* _About this exercise_: From the listing below, restate word for word the lines from the line containing "Carrete de pesca grande" down through the line containing "This paper completes". Exclude pictures.

* _Data for this exercise_:
------------------------------

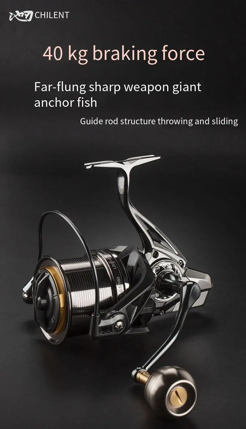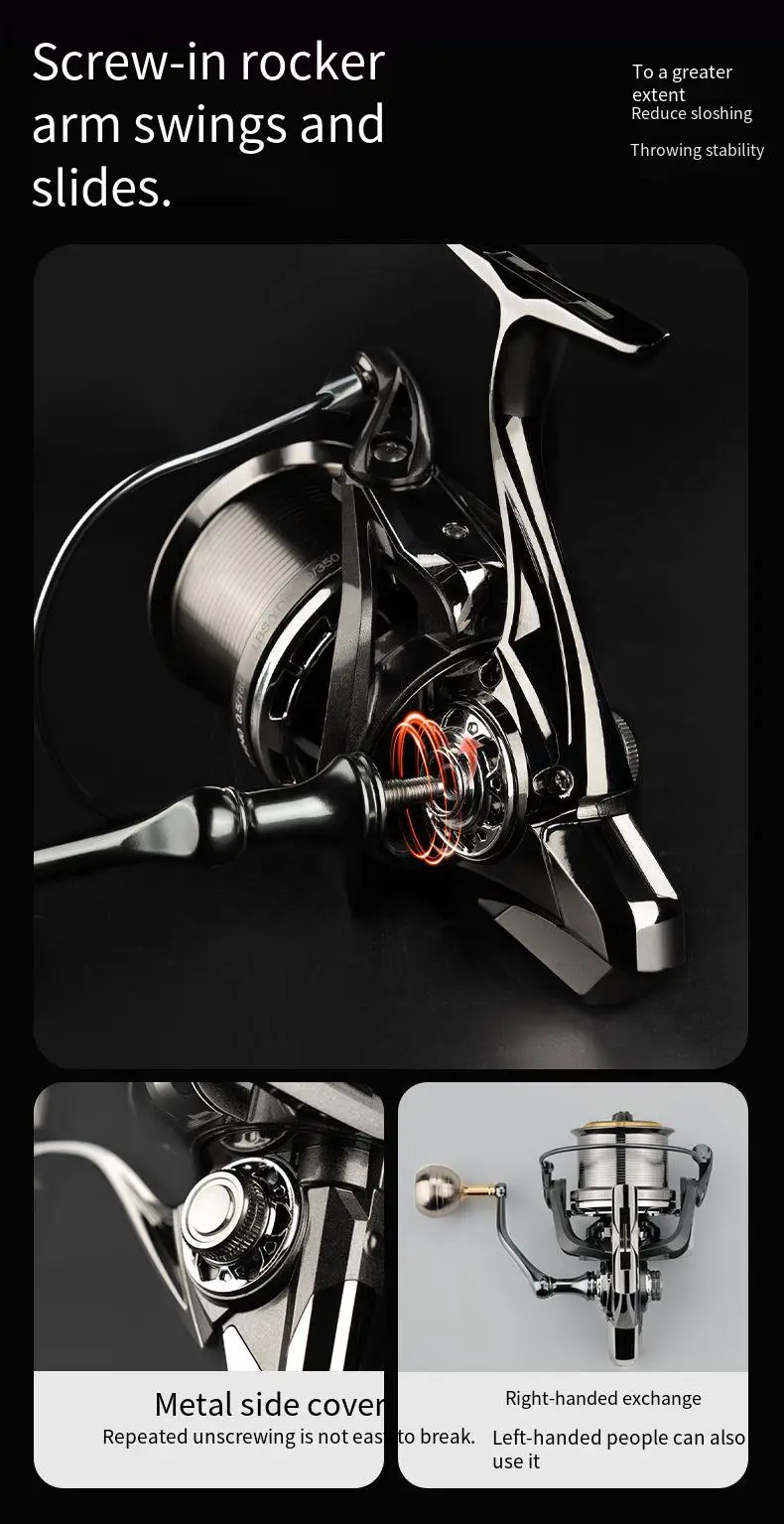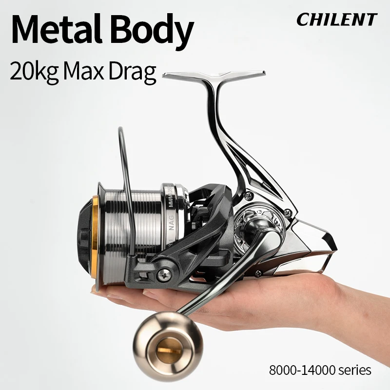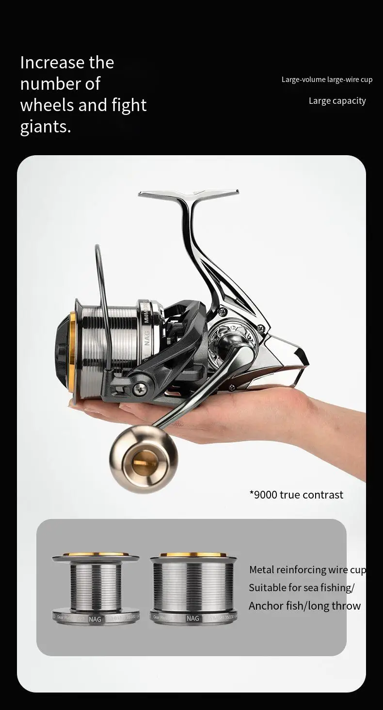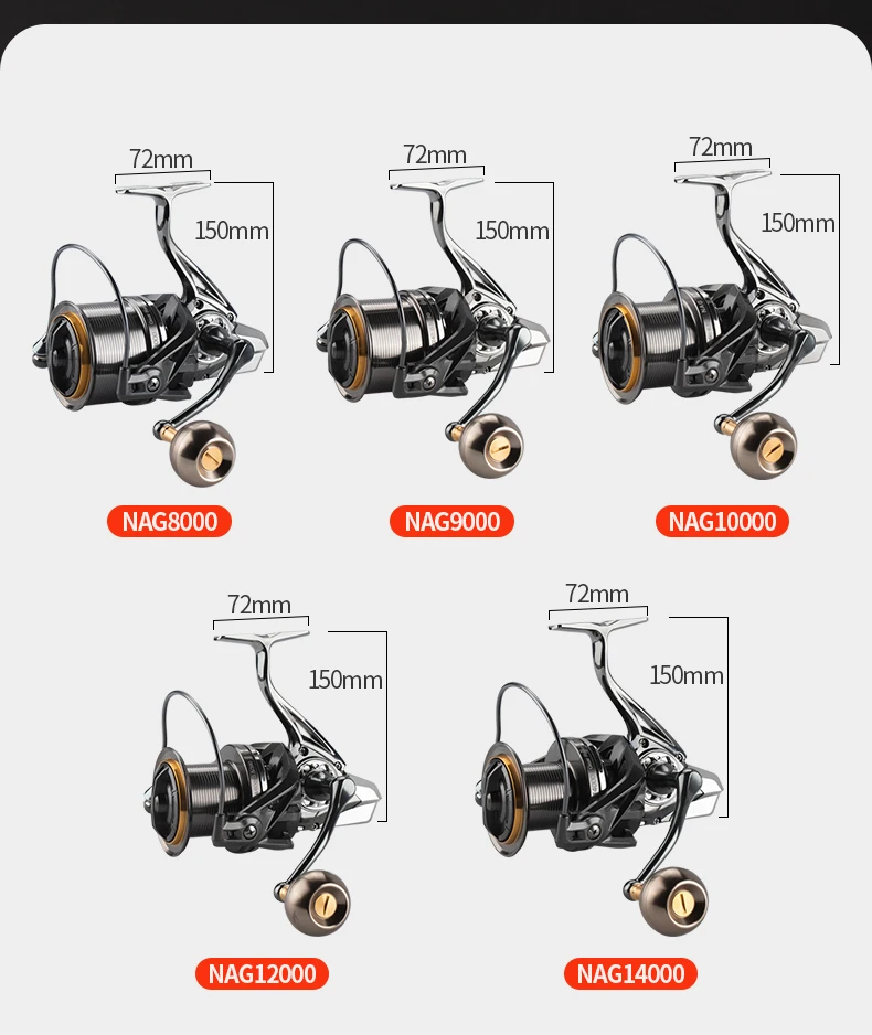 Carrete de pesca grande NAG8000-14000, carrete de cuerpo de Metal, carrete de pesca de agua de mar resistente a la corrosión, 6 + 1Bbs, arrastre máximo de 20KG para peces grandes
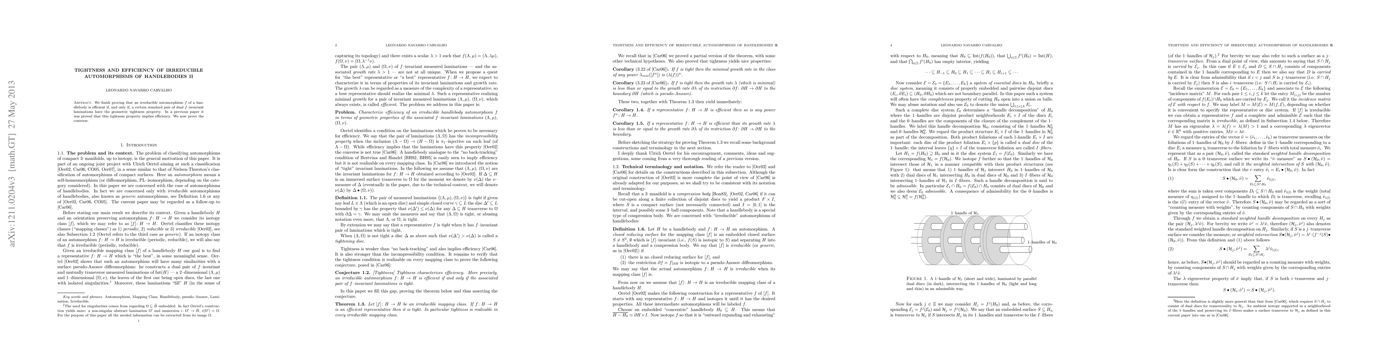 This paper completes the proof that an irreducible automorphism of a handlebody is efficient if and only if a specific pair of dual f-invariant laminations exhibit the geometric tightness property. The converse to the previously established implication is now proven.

------------------------------

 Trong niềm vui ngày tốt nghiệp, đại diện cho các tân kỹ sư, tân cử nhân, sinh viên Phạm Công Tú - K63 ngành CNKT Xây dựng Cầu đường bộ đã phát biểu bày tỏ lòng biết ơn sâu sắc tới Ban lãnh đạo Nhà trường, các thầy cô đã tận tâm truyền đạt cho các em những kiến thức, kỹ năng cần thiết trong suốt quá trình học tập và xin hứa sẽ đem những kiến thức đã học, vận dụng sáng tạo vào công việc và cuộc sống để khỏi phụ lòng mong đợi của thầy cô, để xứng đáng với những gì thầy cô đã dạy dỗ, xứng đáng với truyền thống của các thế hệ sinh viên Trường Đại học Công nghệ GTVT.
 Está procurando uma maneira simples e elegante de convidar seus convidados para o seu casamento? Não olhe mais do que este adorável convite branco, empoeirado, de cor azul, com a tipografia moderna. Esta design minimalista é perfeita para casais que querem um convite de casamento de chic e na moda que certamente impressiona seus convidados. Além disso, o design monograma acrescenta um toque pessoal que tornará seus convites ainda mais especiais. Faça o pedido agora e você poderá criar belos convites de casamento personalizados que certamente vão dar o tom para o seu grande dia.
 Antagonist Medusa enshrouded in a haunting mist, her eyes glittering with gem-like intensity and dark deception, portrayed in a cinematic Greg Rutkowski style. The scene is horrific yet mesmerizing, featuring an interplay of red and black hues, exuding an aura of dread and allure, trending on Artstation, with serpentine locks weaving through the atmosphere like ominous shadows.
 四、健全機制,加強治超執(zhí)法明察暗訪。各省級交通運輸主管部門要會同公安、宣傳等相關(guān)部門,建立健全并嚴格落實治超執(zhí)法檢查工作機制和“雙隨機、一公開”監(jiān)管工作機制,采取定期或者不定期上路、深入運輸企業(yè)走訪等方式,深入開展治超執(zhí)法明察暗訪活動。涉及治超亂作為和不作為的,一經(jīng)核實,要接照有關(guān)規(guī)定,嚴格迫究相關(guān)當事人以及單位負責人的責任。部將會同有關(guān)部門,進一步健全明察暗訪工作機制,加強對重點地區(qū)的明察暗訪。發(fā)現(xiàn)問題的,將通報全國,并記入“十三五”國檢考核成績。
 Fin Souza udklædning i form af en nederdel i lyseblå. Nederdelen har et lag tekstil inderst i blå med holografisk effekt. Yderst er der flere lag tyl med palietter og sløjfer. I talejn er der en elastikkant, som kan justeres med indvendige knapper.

------------------------------

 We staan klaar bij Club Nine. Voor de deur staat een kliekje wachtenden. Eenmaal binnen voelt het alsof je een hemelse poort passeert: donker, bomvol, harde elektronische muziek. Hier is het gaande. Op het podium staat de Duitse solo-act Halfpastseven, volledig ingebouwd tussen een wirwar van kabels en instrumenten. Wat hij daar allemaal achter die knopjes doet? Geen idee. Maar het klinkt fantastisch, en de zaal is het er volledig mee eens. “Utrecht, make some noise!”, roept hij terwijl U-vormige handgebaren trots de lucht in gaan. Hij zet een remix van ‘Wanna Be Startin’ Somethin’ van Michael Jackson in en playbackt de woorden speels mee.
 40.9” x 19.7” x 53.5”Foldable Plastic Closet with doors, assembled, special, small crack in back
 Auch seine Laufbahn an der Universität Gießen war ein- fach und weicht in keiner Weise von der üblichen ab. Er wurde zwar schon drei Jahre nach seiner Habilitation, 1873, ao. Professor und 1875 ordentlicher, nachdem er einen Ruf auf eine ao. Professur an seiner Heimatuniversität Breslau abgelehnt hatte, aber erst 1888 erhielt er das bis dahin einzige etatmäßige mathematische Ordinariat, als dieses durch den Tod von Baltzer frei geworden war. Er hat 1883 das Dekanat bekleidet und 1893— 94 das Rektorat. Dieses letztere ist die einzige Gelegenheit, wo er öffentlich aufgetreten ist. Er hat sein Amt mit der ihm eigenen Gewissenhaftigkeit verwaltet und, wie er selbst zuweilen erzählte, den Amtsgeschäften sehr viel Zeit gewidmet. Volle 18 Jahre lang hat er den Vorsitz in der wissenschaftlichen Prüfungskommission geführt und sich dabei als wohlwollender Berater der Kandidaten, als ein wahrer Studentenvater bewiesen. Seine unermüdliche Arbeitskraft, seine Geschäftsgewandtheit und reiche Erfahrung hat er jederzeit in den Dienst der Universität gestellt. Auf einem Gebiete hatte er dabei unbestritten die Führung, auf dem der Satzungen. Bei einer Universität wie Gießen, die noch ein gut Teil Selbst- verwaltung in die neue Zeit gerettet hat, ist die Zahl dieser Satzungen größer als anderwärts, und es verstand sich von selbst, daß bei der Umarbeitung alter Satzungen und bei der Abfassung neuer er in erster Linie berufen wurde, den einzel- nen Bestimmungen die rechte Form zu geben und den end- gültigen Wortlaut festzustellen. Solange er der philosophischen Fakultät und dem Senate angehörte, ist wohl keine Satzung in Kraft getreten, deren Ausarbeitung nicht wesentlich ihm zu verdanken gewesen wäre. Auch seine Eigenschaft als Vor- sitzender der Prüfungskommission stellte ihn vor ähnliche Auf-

------------------------------

* _Answer to this exercise_:
 Carrete de pesca grande NAG8000-14000, carrete de cuerpo de Metal, carrete de pesca de agua de mar resistente a la corrosión, 6 + 1Bbs, arrastre máximo de 20KG para peces grandes
 This paper completes the proof that an irreducible automorphism of a handlebody is efficient if and only if a specific pair of dual f-invariant laminations exhibit the geometric tightness property. The converse to the previously established implication is now proven.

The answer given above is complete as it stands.